I would urge you to watch this video on how these kind of claims can be made : http://www.youtube.com/watch?v=F-QA2rkpBSY

I guess the first issue would be to define what "data" is. Speech is data, weather is data...

"Data (plural of "datum") are typically the results of measurements"

Weather isn't data, a measurement of temperature would be data...


[Not that I am trying to imply that other things aren't data - but I don't think weather itself is data although you can, of course, have weather data!]

The quote said "information", not data.

Edit: "There were 5 Exabytes of information created between the dawn of civilization through 2003, but that much information is now created every 2 days."

As arethuza said.

Obviously there would be plenty of questions, ranging from the most basic (a CD released in 1990 contains 'x' MB of data on it... but there's also the sleeve design, printed track listing etc...) to more complex (how do you measure the data of a painting in computer terms?), but I'm sure if someone were to set about trying to work this out, they could think up (albeit debatable) definitions.

It's actually not all that difficult to measure the data of a painting in computer terms: get a high resolution scan and store it as a JPEG. Of course, this is open to some reasonable disagreements about what constitutes a "high resolution", but the basic principle applies. I'd suspect that it won't make a huge difference, since audio recordings take up roughly an order of magnitude* more space than still images, and video roughly an order of magnitude more information than audio.

* I have no substantiation for this, but it seems about right: a JPEG is a megabyte or 2, while a single movement of a symphony is 10 or 20, and a short movie at reasonably high quality is easily 100 MB.

That depends on what you call a high res img.

Worst case: http://articles.cnn.com/2007-10-17/us/monalisa.mystery_1_leo...

150,000 dots per inch, 13 light spectrums, including ultra- violet and infrared at say 10 bit per spectrum * largest painting in the world (12 384 000 square inches) http://www.msnbc.msn.com/id/14309591/ns/world_news-weird_new...

150 000 x 150 000 x 13 x 12 x (12 384 000 bits) = 4.71279266 exabytes

information is not all equal. recording from /dev/random is not valuable information even though it fills up disk space. the value of information depends very much on the context.

A lot might have happened since 2002. People with digital cameras take a lot of pictures, for example. YouTube is booming. Lot's of devices generate automatic data feeds, for example location tracking from mobile phones, clickstreams on the internet.

The number might still have been made up, but let's not forget that Schmidt might have some sources of information no available to the public, for example the server stats from Google and YouTube.
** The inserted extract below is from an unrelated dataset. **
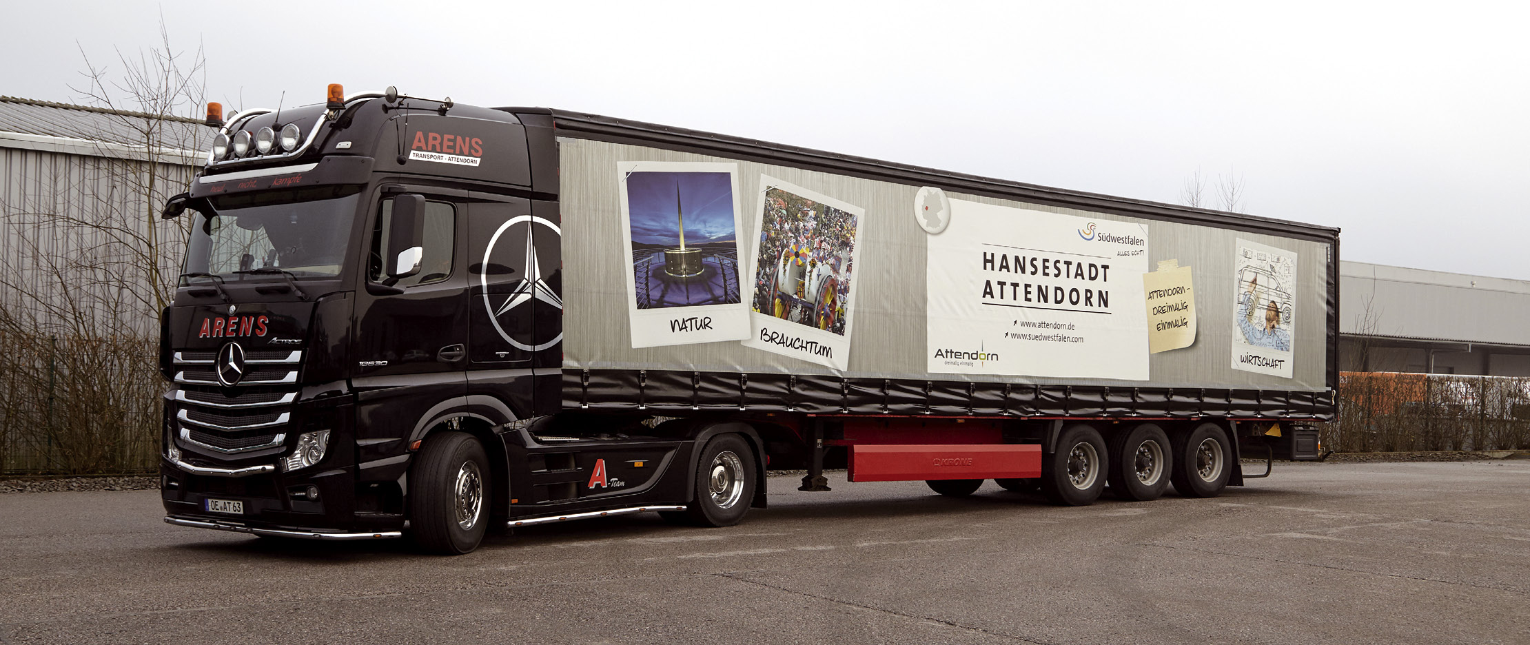 Attendorn gibt Gas: Das Logistikunternehmen Arens Transport GmbH und die Hansestadt Attendorn schickten gemeinsam mit der Südwestfalen Agentur offiziell den 15. Werbe-Lkw auf die deutschen Autobahnen. Der PS-starke Botschafter macht sich ab sofort auf den Weg, um gleichermaßen für Südwestfalen als die stärkste Industrieregion NRWs und die Stadt Attendorn zu werben.

How timely! I was actually at a Google recruiting event/tech talk today at my university, where a Google engineer repeated this quote to us. Fittingly, he also misquoted it and said that 5 exabytes of data are created every day, instead of every two days as in the original quote. I looked at him askance for a moment due to the absurdity of the number--thanks for clearing it up!

Perhaps the figures he was given were based entirely on computer data - and he quoted them to sound like all data?

"We now create and replicate as much data in one week, as we did in one year, just a decade ago."

True, not as catchy as the dawn of time, but still mighty impressive. And in fairness to their outgoing CEO, Google didn't cache much data at the dawn of time (or even in the '80s), so it can't have been that important.

My tummy rumbled and I burped at 9:22AM EST this morning. Now that I have posted this: is that a piece of information?

My point is that a lot of this "information" is ephemeral and not really all that important in the long run.

Now it is.

Reply to the edit: If you stretch the timeline long enough, nothing is of any importance.

Yes we are creating more data now than in the history of mankind. However the ratio of (quality stored data / total data ) has gone down with the ease of storage. Most of the "data" is for entertainment.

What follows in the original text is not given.